First, to improve the attractiveness and readability of the works in the creative process, the author usually deliberately conceals, covers, reverses, reveals, and darkens the relationship between the antagonist and the protagonist, which makes it difficult to divide the characters into subgroups [19].
Second, the novel’s natural language has complex semantics and twists and turns. Although there are many techniques that can be used for reference, more fully theoretical experimental verification is needed in named entity recognition [20] and emotional polarity confirmation.
Third, although the amount of digital text is sufficient, the proportion of the labeled text is low, manual labeling confirmation lacks a uniformly standard definition, and the cost is high, which brings difficulties to our work.
In addition, the characters in novels usually have dynamic personalities, which are hidden in various aspects of expression.
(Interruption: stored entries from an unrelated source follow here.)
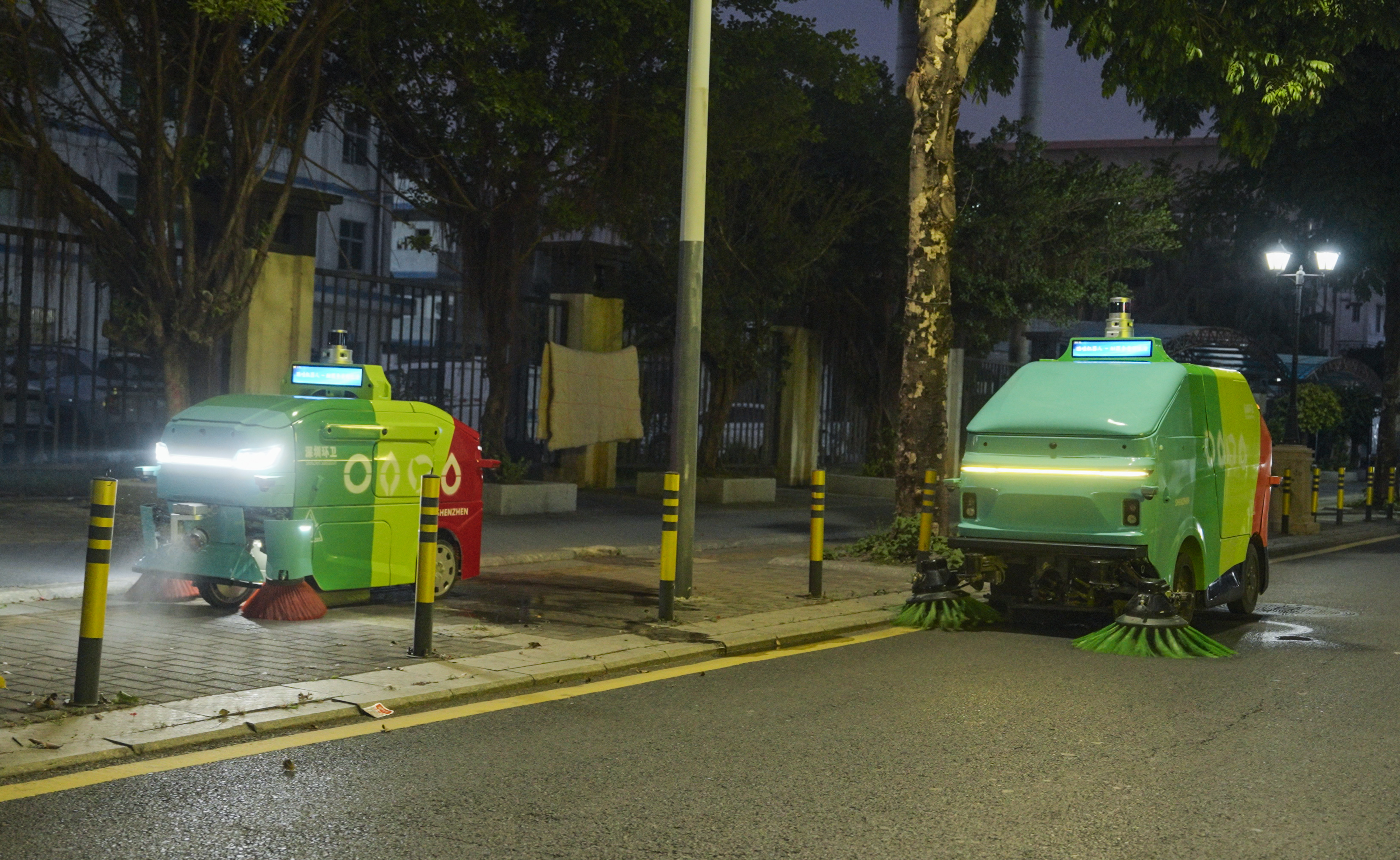 在深圳市坪山区石井街道,环卫机器人进行夜间协同作业(资料照片)。新华社发
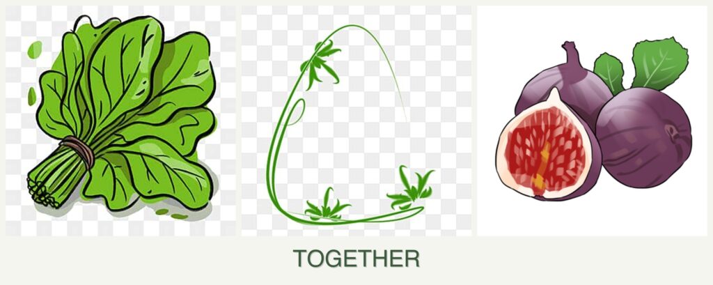 - Spinach prefers cooler temperatures and can tolerate partial shade. It has shallow roots, making it a good companion for deeper-rooted plants like figs.
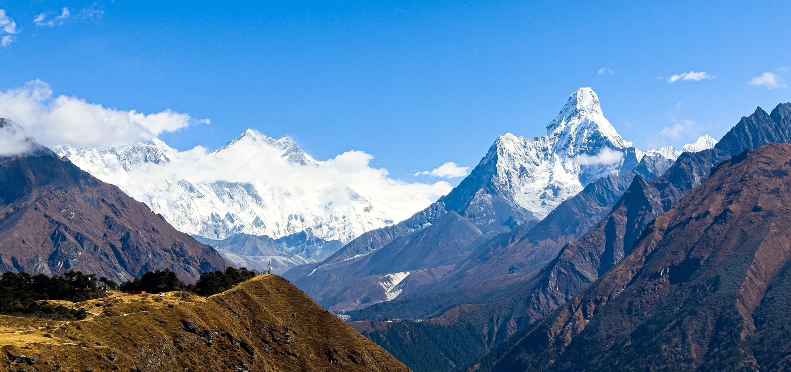 Panoramic view of the Himalayan range, including Mount Ama Dablam. Photo Paul

Even for human readers, it is difficult to classify and identify different types of characters, and it usually needs careful reading for several times to get the subtle differences among those characters.
Finally, there are limited number of datasets available to apply machine learning algorithm [21], [22] and it is quite time-consuming to produce denotations on large scale [23]. It is laborious to label the prior knowledge manually in some scenarios where prior knowledge is hard to obtain [24].
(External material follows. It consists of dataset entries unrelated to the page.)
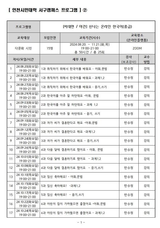 다문화 주민 대상, [비대면 / 야간] 신나는 온라인 한국어(중급)
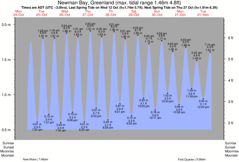 Newman Bay tide chart key: The tide chart above shows the height and times of high tide and low tide for Newman Bay, Greenland. The grey shading corresponds to nighttime hours between sunset and sunrise at Newman Bay.
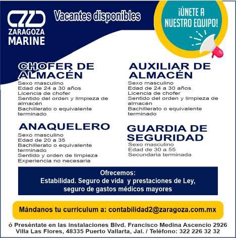 de dinero, responsable, carta de antecedentes no penales. Ofrecemos prestaciones de ley, uniformes, bono. Agendar cita. 322 17 498-98.+
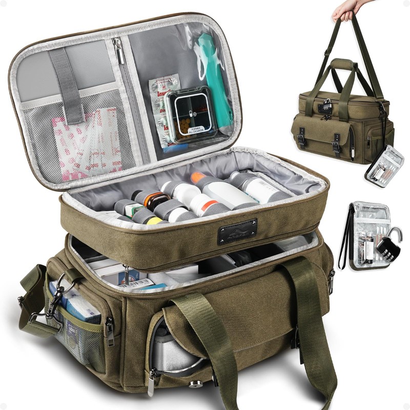 - SECURE & CHILDPROOF LOCK: The two-way lockable zippers and safe combination lock ensure the safety and security of this medication bag, while the water-resistant washed canvas material provides protection against spills and moisture
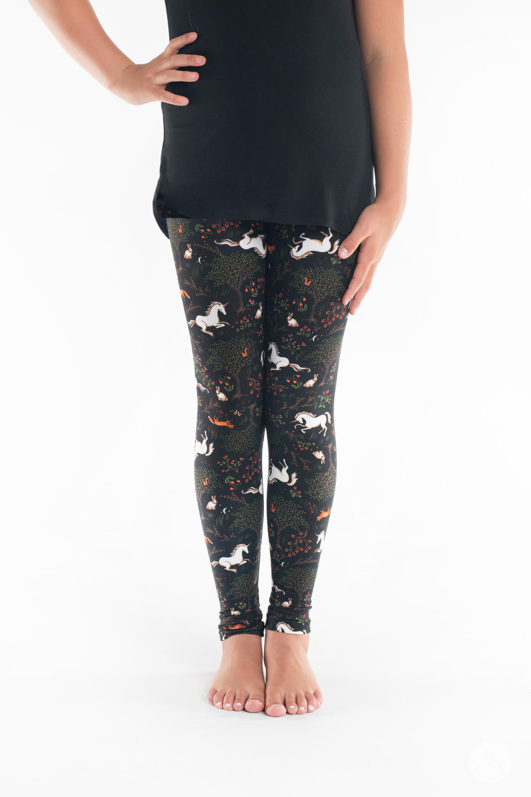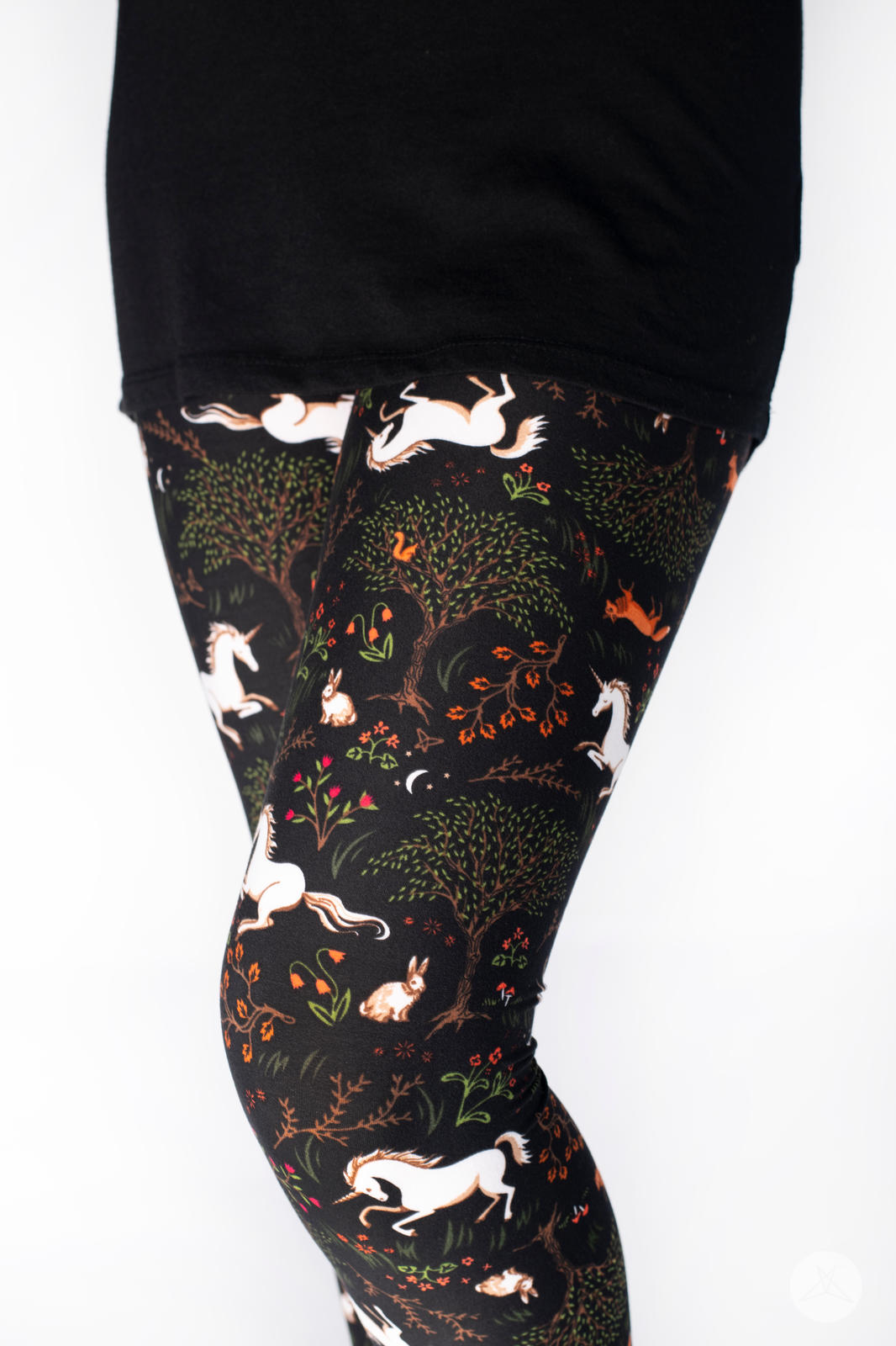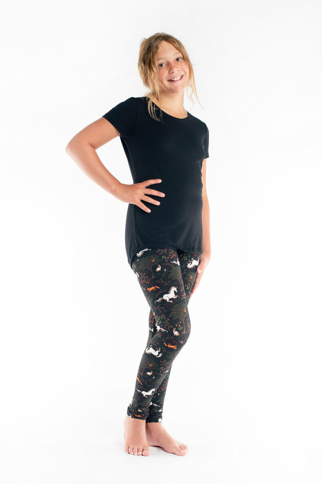White unicorns and woodland creatures frolic amongst beautiful trees, shrubs, and flowers on a deep black background that will make you feel absolutely magical.

Our work combines the theory on natural language processing, knowledge graph and social network. We systematically propose a integrated framework, conduct the experiments on typical datasets, present the outcomes and solve this unsolved topic by solving the problems synthetically from different fields. We establish the systematic method and start from relatively polar literature that consists of characters with a steady and clear personality. It is a novel trial for community division with character graph building and polarity information extraction. This paper uses natural language processing based on the concept of literary sentiment polarity to select a representative polar literary dataset, extract characters and sentiment indication information in literary space, and mine the node polarity and link polarity contained in the text. After modeling the network of polar literary characters, we divide polar communities in the network. This study is a comprehensive application in the field of text classification and information extraction that integrates natural language processing and social network theory, combined with extracting graph data and visualizing for these data and knowledge structure.
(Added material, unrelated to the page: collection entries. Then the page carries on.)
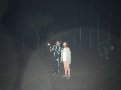 最後の夜はキャンプファイヤーです。レクリエーション係の司会のもと,火の神様と火の子たちが入場してキャンプファイヤーが始まります。
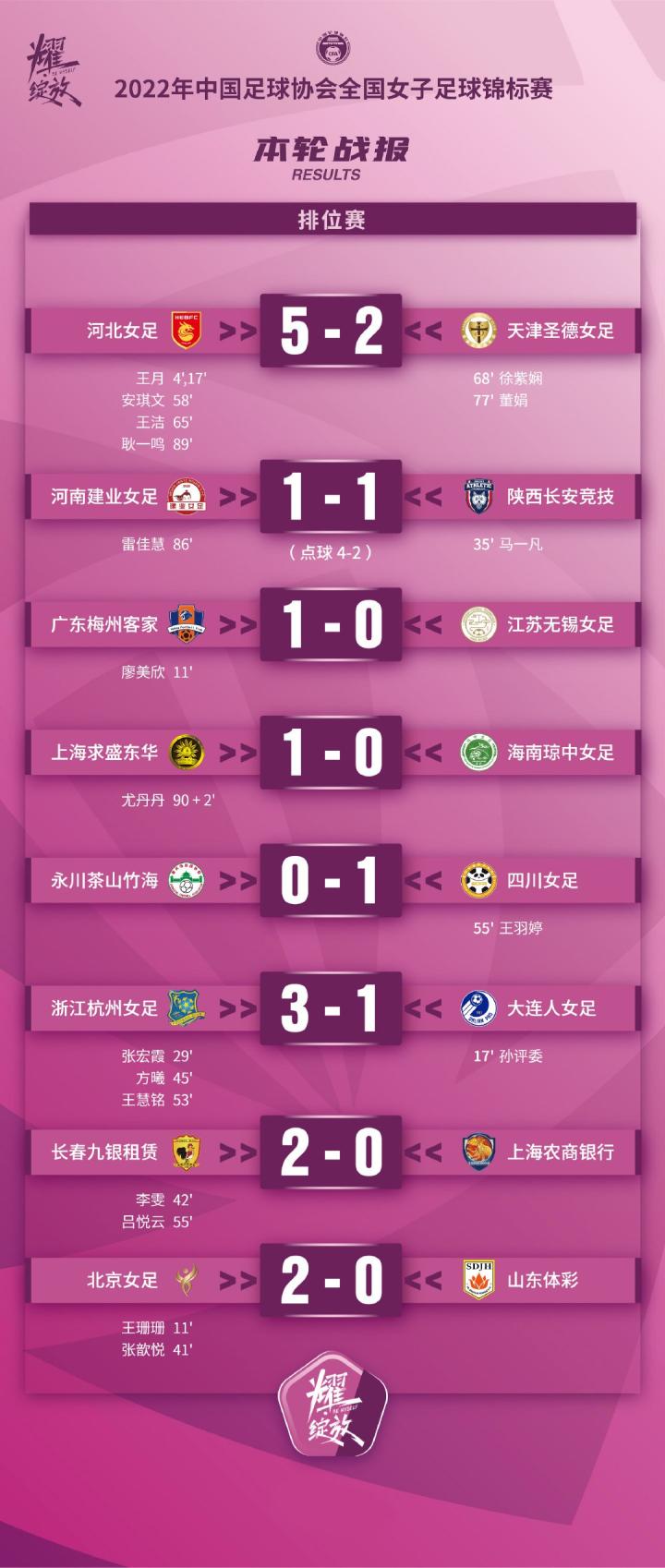 比赛开始不久,王月就完成梅开二度,下半场,安琪文、王洁、耿一鸣也纷纷取得进球;徐紫娴和董娟帮助天津扳回两球,但最终河北仍5-2大胜对手。
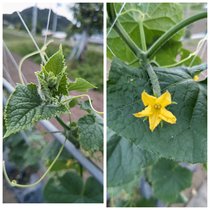 ツルがとっても芸術的で、カメラを向けていたら、なり始めのきゅうりを発見。農家では無いので、なかなか目にしない光景でした。
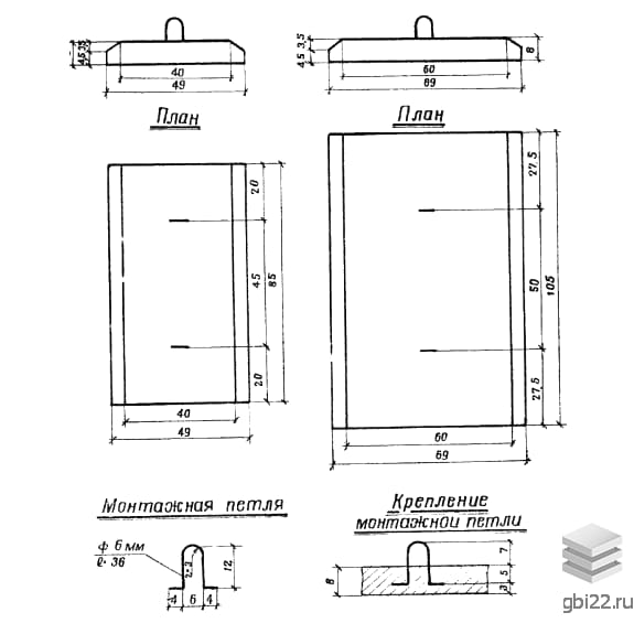 Блоки П1 изготавливаются из тяжелого бетона с армированием стальными каркасами (класс стали А-100 по ГОСТ 5781-82). Для удобства монтажа предусмотрена строповочная петля ПС-1.
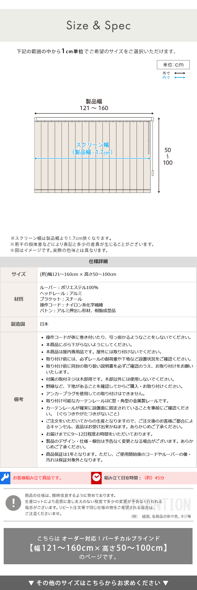 オーダー バーチカルブラインド 縦型ブラインド カーテン 防炎 カーテンレール取付 賃貸可能 日本製 おしゃれ ナチュラル 北欧 工事不要 1cm単位のオーダー対応!バーチカルブラインド 幅121~160cm×高さ50~100cm [SH-29-VBOD-6]

The results show that the use of long-sentence windows can ensure the accuracy of literary interactions in the window during information extraction, and the information contained in the window is not very sparse, which can better ensure the network modeling accuracy. As there is not related benchmark for this work, we select the basic community detection method with general co-occurrence parameter to work as baseline. The accuracy of the community division results of the integrated network polarity method is significantly improved compared to the method based on the co-occurrence network results. It can automatically match the positive and negative communities and includes the complete link structure of the network that clearly reflects the literature from the perspective of polarity, which is the intention of this work.
Our main contributions in this paper are as follows: First, a systematic model is well defined to process long natural language text. It provides general standard operation steps for the machine to understand complex Chinese literature and extract graph data. Second, we propose four methods including evaluation standard of parameter to achieve building a character graph and dividing communities. They combine emotional information with social network computing to form a character network with emotional knowledge. Third, experiments conducted on seven benchmark Chinese novel datasets give out the accuracy and reliability of the methods as well as visualized graph data structure to make them more applicable and demonstrate that the method based on emotional polarity shows a significant improvement compared to baseline performance. Instead of costing manpower to analyse graph knowledge in texts as before, the automatic methods provide more change for applicaition on data mining. With texts in literature industries, the methods are designed to benefit writers, readers and publishers. With other types of compatible texts, the methods are favourable to politicians, governments, media industry and knowledge digitalization.
Graph Data Extraction and Character Graph Building
A. Polarity Data and the Polar Literary Character Network
Literary emotional polarity (LEP) refers to the obvious literary emotional tendencies of the characters and the relationships between the them in literary works under a specific classification criteria based on community relation factions, such as the antagonist, when the authors develop the plots and describe the characters’ behaviors.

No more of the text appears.